You may have heard of tests like the $$t$$-test before; tests like these are used to measure the significance of some observed lab results.

Hypothesis tests aim to quantify the extremity of a particular observation under the assumption that some “null” hypothesis is true. The extremity is measured as a probability – the beloved (or despised) p-value.

To break it down:

Term Definition Example(s)
Hypothesis test A test to measure extremity of an observation $$t$$-test, $$\chi^2$$ tests, ANOVA….
Null hypothesis Some default position regarding the nature of the random variable “The data is distributed randomly”
Alternative hypothesis Usually counteracts the null “The data is not distributed randomly”

Hypothesis tests are defined by the probability distribution of the null hypothesis. For example, the $$t$$-test is the $$t$$-test because the null hypothesis assumes that the $$t$$ statistic follows Student’s $$t$$-distribution. Similarly, the $$\chi^2$$ test for independence assumes that the test statistic follows a $$\chi^2$$ distribution.
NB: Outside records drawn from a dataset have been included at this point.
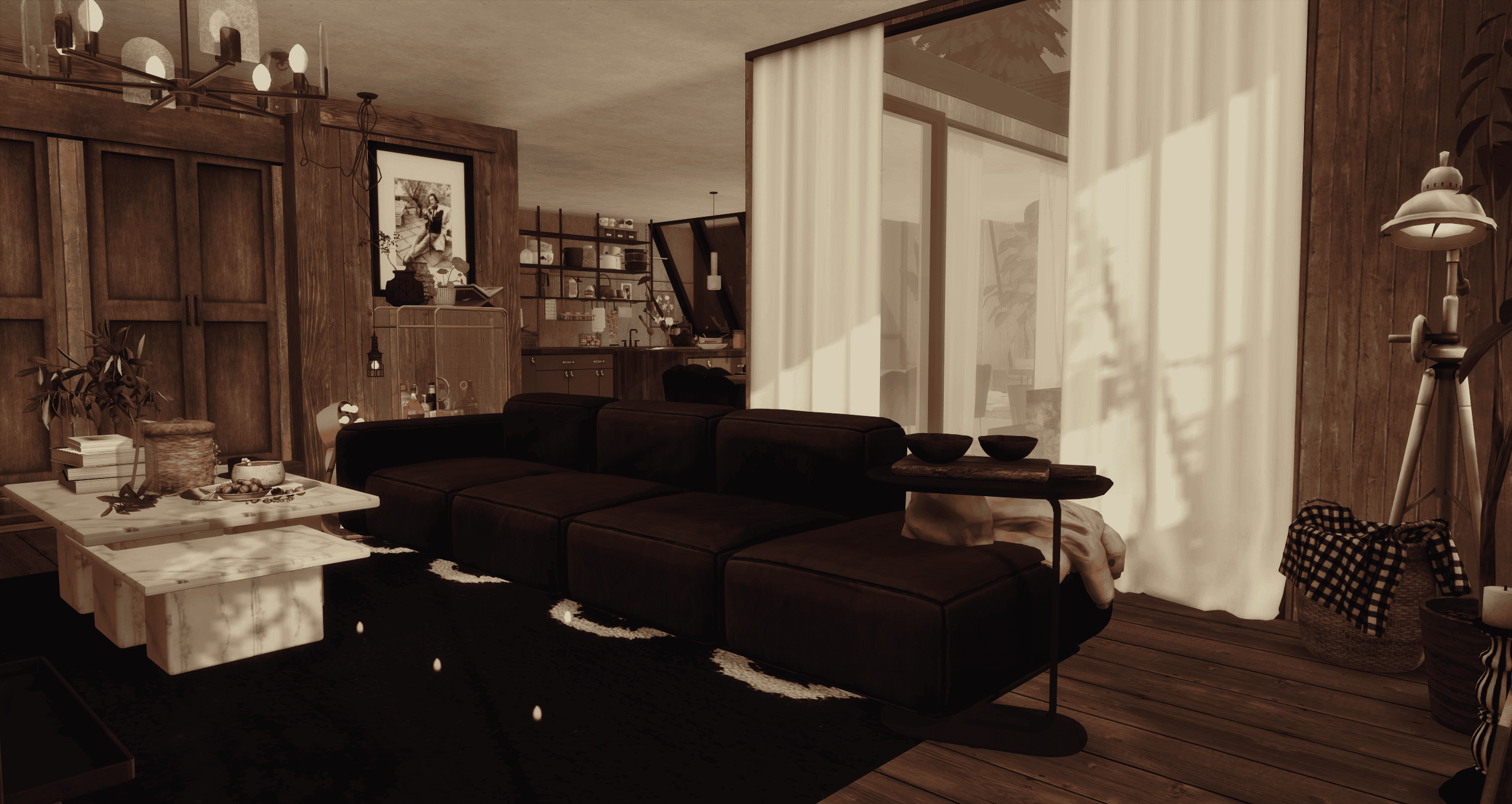 In time for the start of September, I built a building in an unusual architectural style and many large windows towards the rear of the building. The entire building is decorated in warm earthy tones and exudes autumn vibes. In the upper area there is an apartment with an open living and dining area, a baby room, a bedroom and an office. I have set up a creative co-working space in the lower part of the building. In which many independent designers and artists can work. I hope you enjoy it.
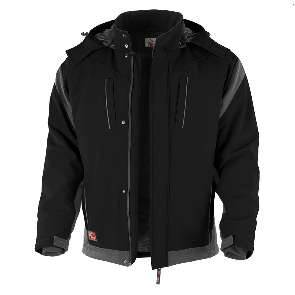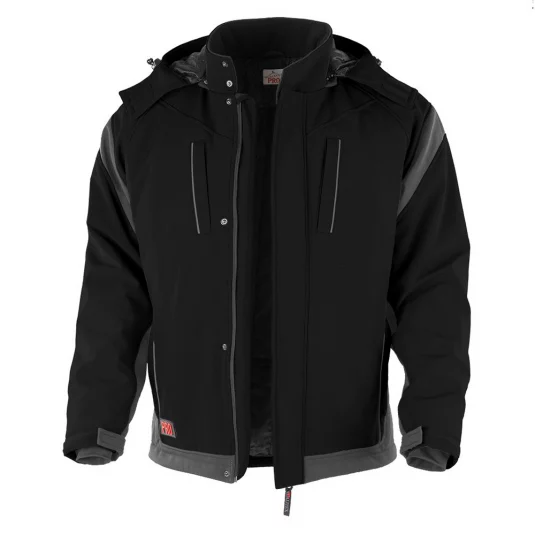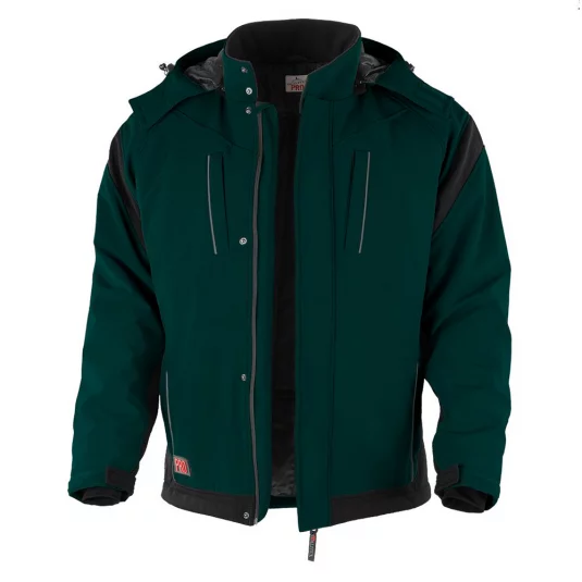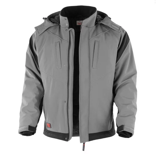 Veste softshell avec capuche amovible, col relevé avec 2 pressions, 2 poches de poitrine et 2 poches latérales avec fermeture éclair en plastique dissimulée, fermeture éclair à sens unique YKK dissimulée avec protection du menton et 4 pressions, bandes réfléchissantes.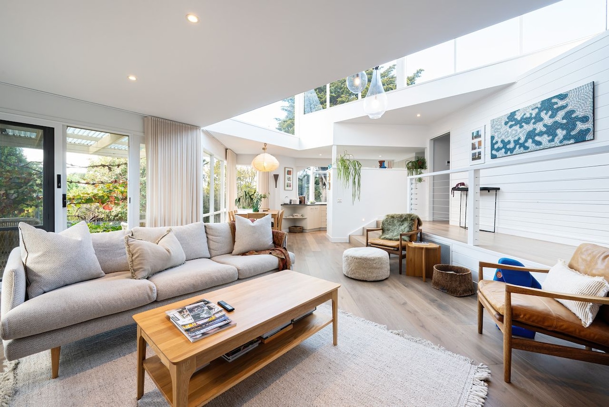 Poet’s Corner House on Phillip Island is a peaceful retreat that blends modern comfort with relaxed coastal charm. With two queen bedrooms, a sunlit loft lounge, and a cozy fireplace, it’s ideal for couples, families, or friends. Prepare meals in the gourmet kitchen or outdoors on the BBQ and pizza oven, then unwind in the garden hammock under the stars. Minutes from Surf Beach, local dining, and the Penguin Parade, it’s a welcoming base to slow down, recharge, and enjoy “Island Time.”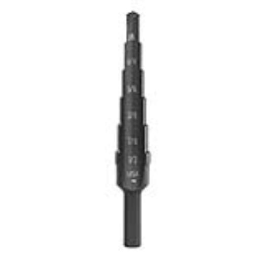 Step Drill Bit, 6 Hole, 3/16 in. to 1/2 in. by 1/16 in.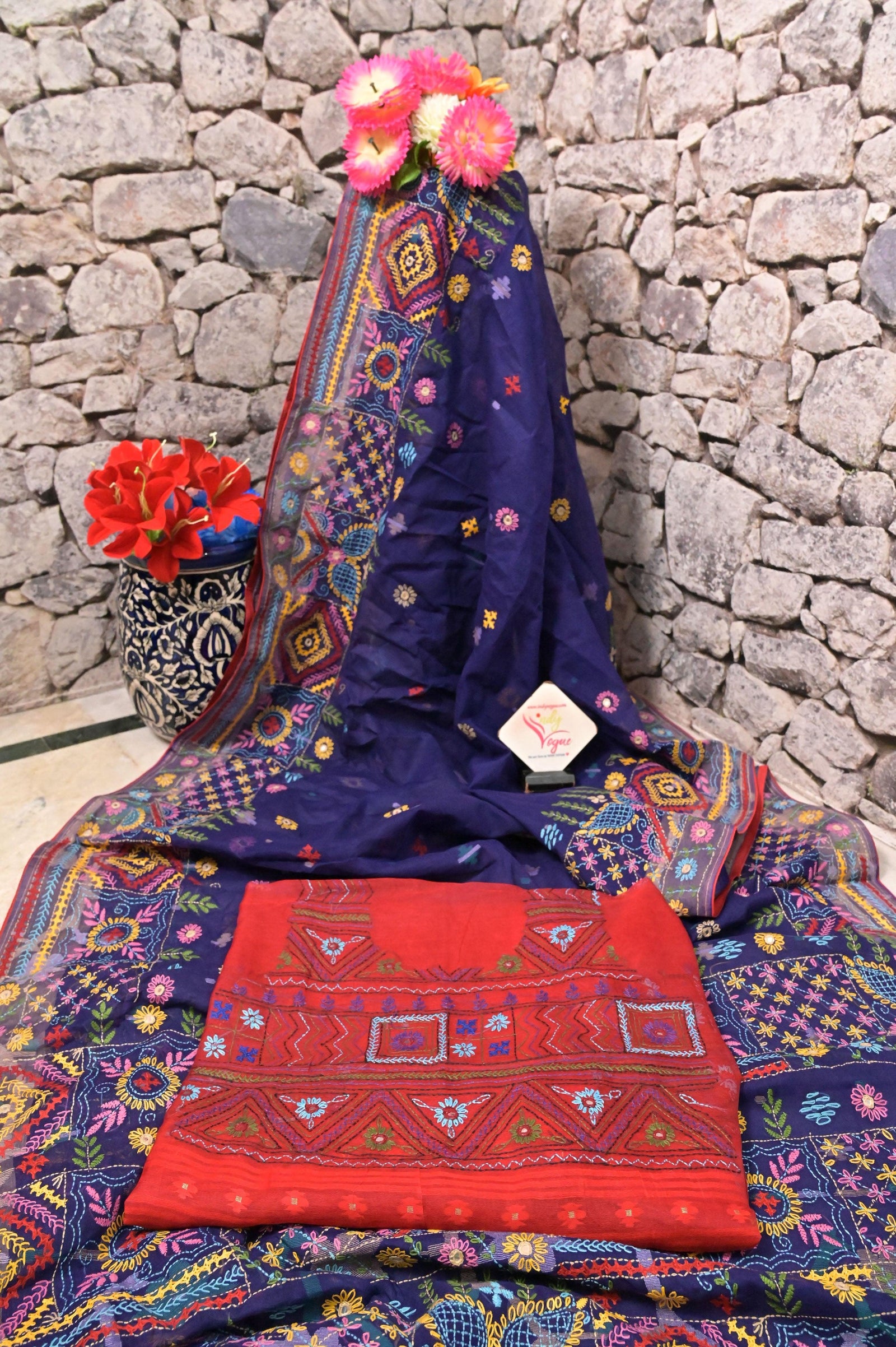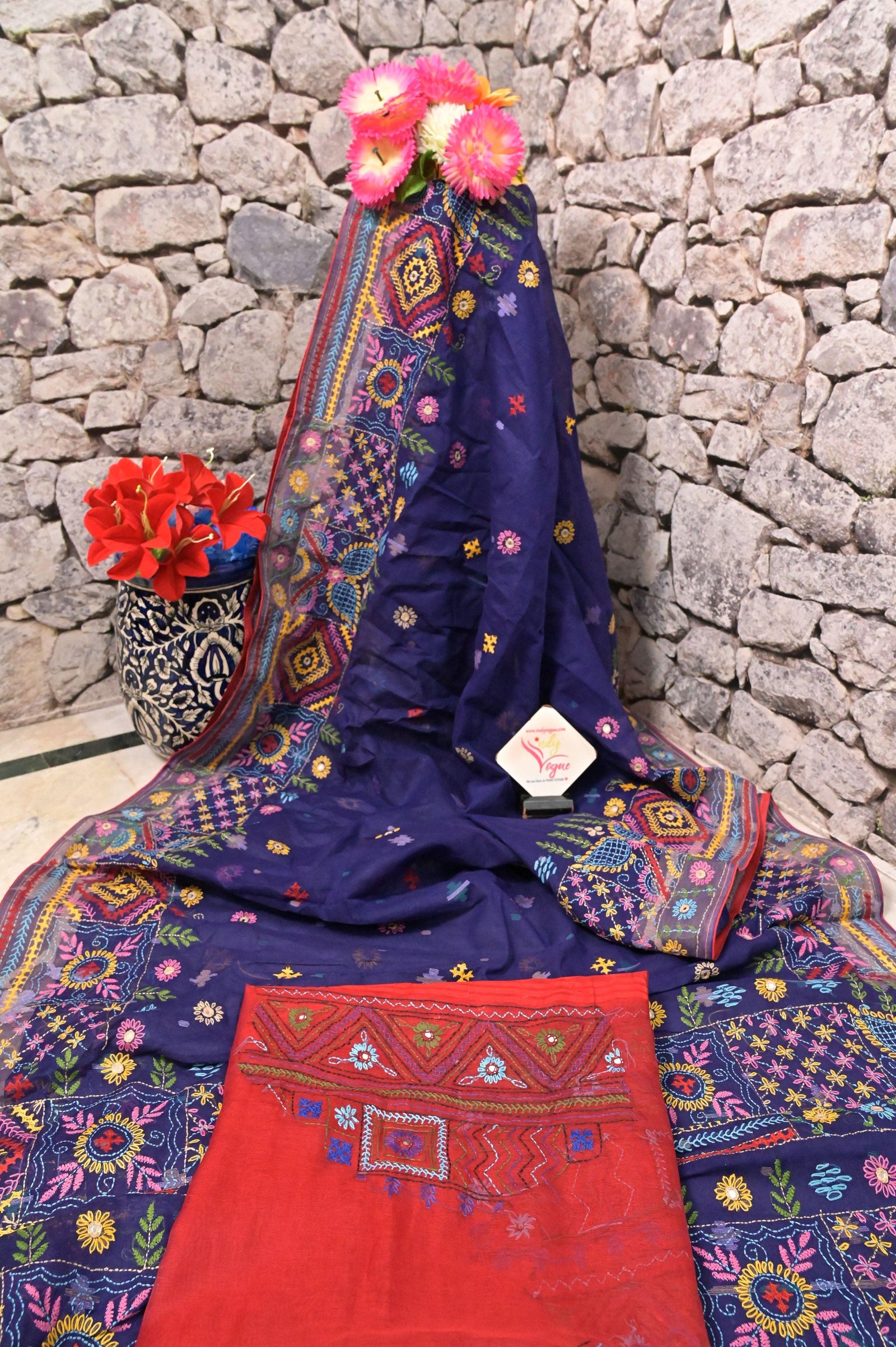 - Blend traditional craftsmanship with modern aesthetics and hand-done lambani embroidery work with Gujarati mirror embroidery, along with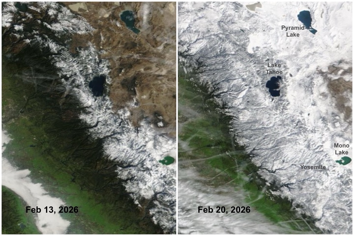 아래는 1주 전과 이날의 NASA 항공 사진 비교. 눈사태로 9명이 사망한 Lake Tahoe 인근의 스키 리조트들은 적설량이 2.8m을 넘었습니다.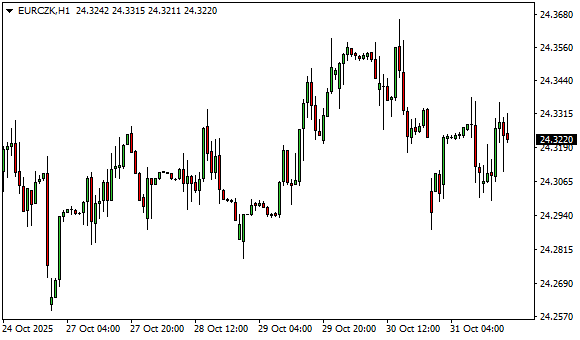 Vývoj měnového páru EUR/CZK (1hodinový graf - H1):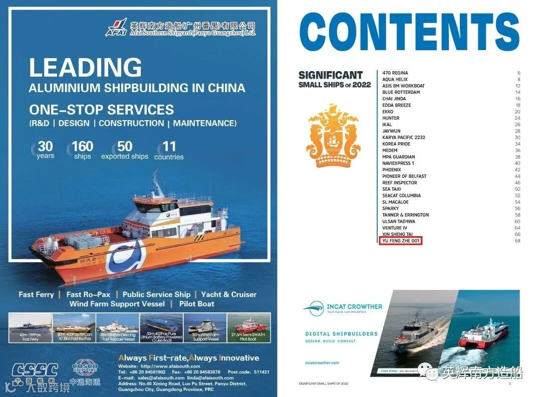 近日,英国皇家造船工程师学会发布了2022年度世界小型船舶名船录《Significant Small Ships of 2022》,由英辉南方建造交付的国内首艘高端风电运维船——“御风者001”凭借高效、安全、节能、环保等突出优势入选,进一步巩固了英辉南方在海上风电高端运维船领域的领先地位。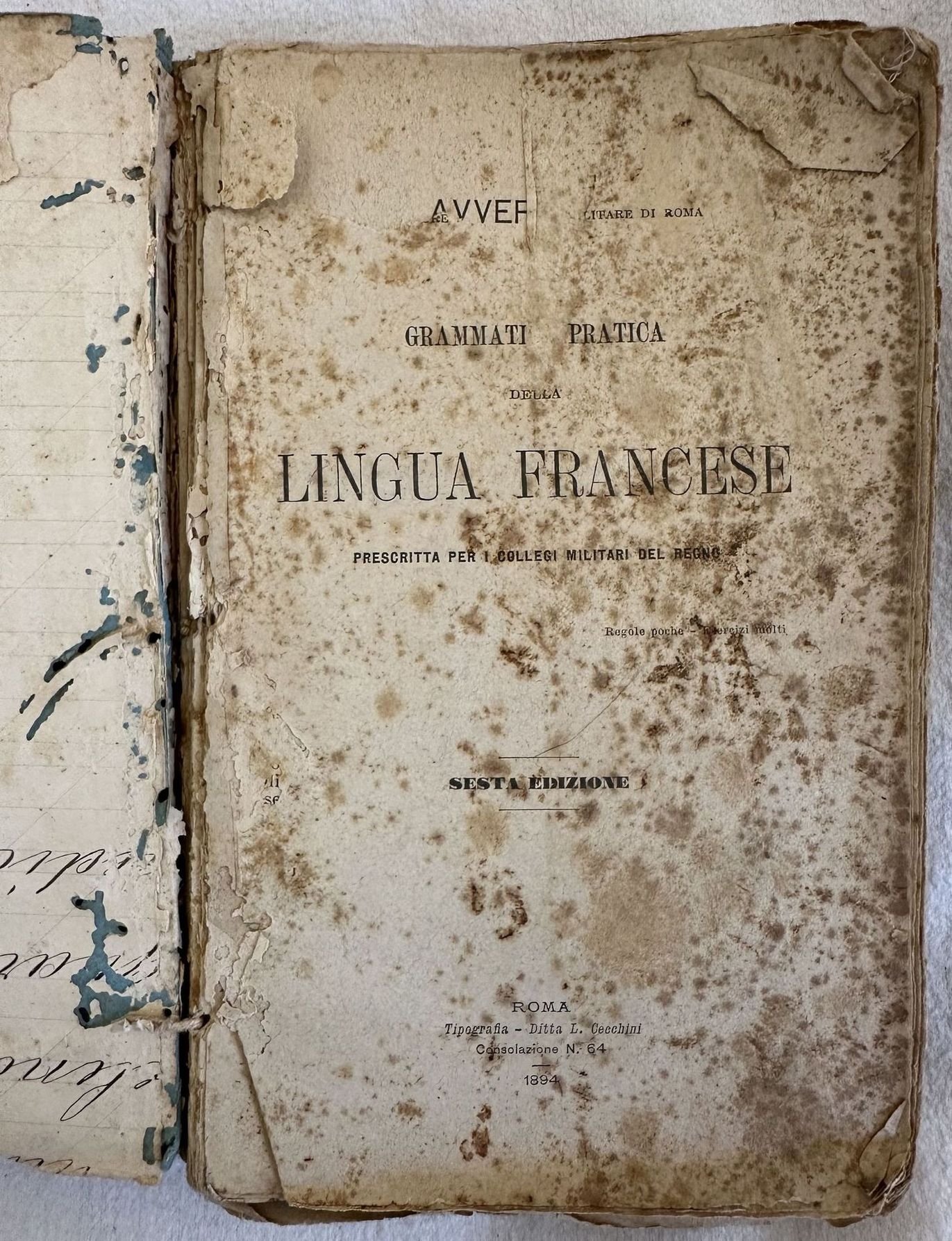Edizione del 1894 di questa grammatica della lingua francese per i collegi militari del Regno. All'interno: letture, nomenclatura, elementi, sintassi, fraseologia, vocabolario In mediocri condizioni. Copertina morbida coeva in mediocri condizioni generali con usure ai margini e dorso. Legatura quasi assente. All'interno le pagine si presentano in discrete condizioni con fioriture e segni di tarlo. In 8. cm 19,5x13. Pp. 511.Edition of 1894 of this gramamr of french language for military colleges of the Reign. Inside: readings, names, elements, syntaxis, sentences, vocabulary. In poor conditions. Copertina morbida coeva in mediocri condizioni generali con usure ai margini e dorso. Legatura quasi assente. All'interno le pagine si presentano in buone condizioni con fioriture. In 8. cm 19,5x13. Pp. 511. In good conditions. Soft coeval cover in poor general conditions lightly worn in the extremities. Binding almost lacks. Inside pages are in good conditions with foxing and worming.In 8. cm 19,5x13. Pp. 511.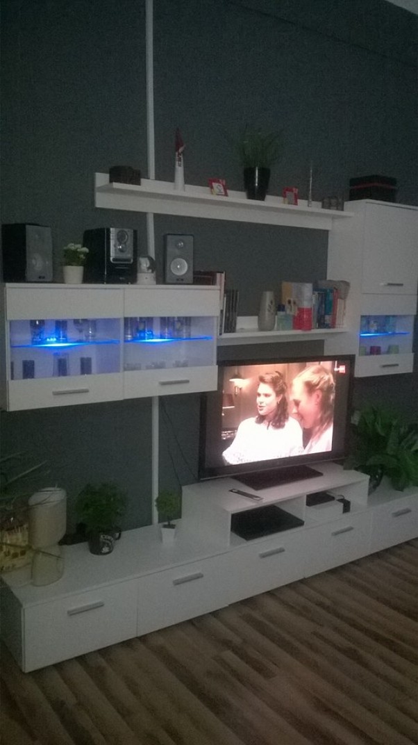 a tak wygląda ściana z najważniejszą dla mnie rzeczą(jeszcze)w tym naszym gniazdku czyli regał z TELEWIZOREM :)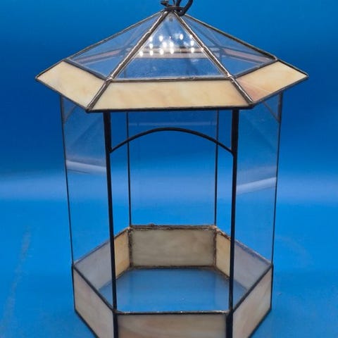 Loftlampe med papegøje i Tiffany-stil, fremstillet i Spanien, af rudeminerende glas og metal, i god brugt stand, dimensioner lampe 60 × 40 × 20 cm og papegøje 20 × 10 × 10 cm, vægt 1 kg, E14-fatning, årstal 1990–2000. Klik på den blå "gå til varen" knap, for at købe eller byde på denne vare. Den samlede pris vil blive vist inden du afgiver dit bud.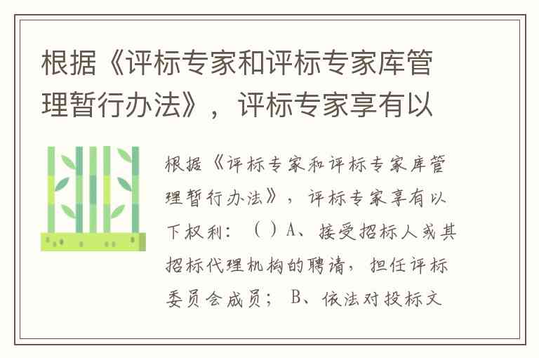根据《评标专家和评标专家库管理暂行办法》,评标专家享有以下权利:()A、接受招标人或其招标代理机构的聘请,担任评标委员会成员; B、依法对投标文件进行独立评审,提出评审意见,不受任何单位或者个人的干预; C、接受参加评标活动的劳务报酬; D、可以更改投标文件的内容。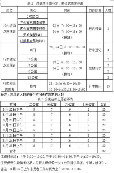 公寓迎新志愿者 | 新生公寓 | 负责引导和搬物品 | 8.22-8.25 | 见表3 |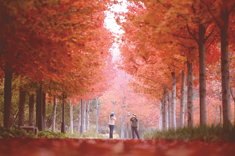 本报讯(记者 崔紫阳)从10月底开始,位于城市副中心的城市绿心森林公园红叶大道进入最佳观赏期。这条历经五年精心培育的景观道,凭借绚烂的秋日景致成为市民游客追捧的“网红打卡地”。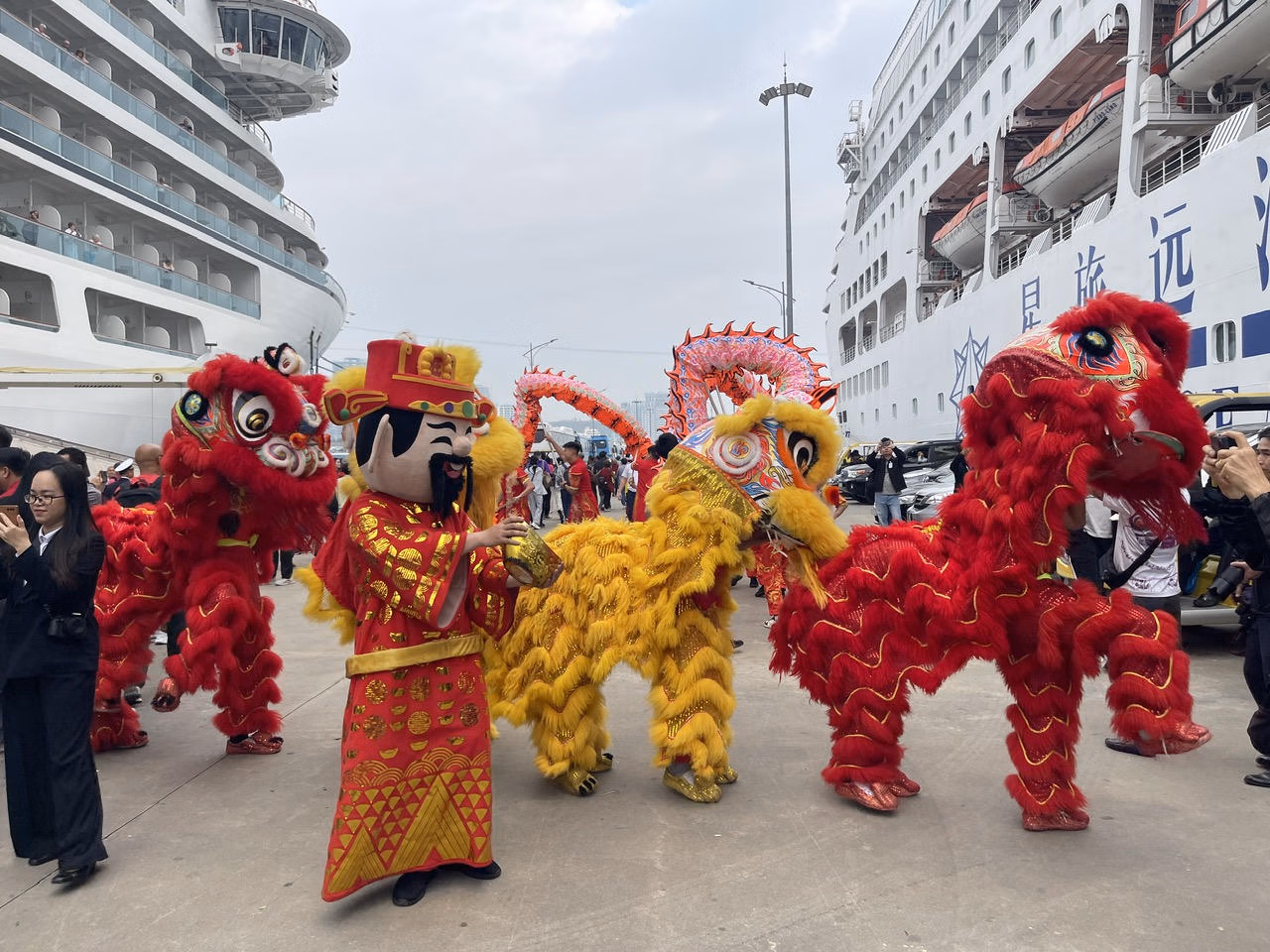 Ngay từ sáng sớm, Cảng tàu khách quốc tế Hạ Long được trang hoàng rực rỡ, nhuộm thắm trong sắc đỏ của cờ, hoa. Đón du khách với các nghi lễ tết truyền thống như trống hội, múa lân, tặng hoa, lì xì… diễn ra trang trọng đã để lại cho du khách nhiều ấn tượng khó quên về điểm đến thân thiện, hiếu khách.

The LaMelo ball experiment

While there isn’t much data out there for LaMelo Ball, we know that his brother Lonzo is in the NBA! Assuming that, as point guards, both he and his brother Lonzo play similarly, we can potentially combine the data from Lonzo and LaMelo to estimate LaMelo’s field goal percentage in the NBA.

However, we would have to…

  • Assume that Lonzo and LaMelo play so similarly that their field goal percentages should be more or less similar.
  • Assume that it is just as easy to get a field goal in the NBA and the NBL
  • Assume that season-by-season field goal percentages are more or less the same

Once those assumptions are OK to take, we can then use LaMelo’s Australian NBL field goal percentage as a prior, then use Lonzo’s NBA numbers to compute a posterior distribution.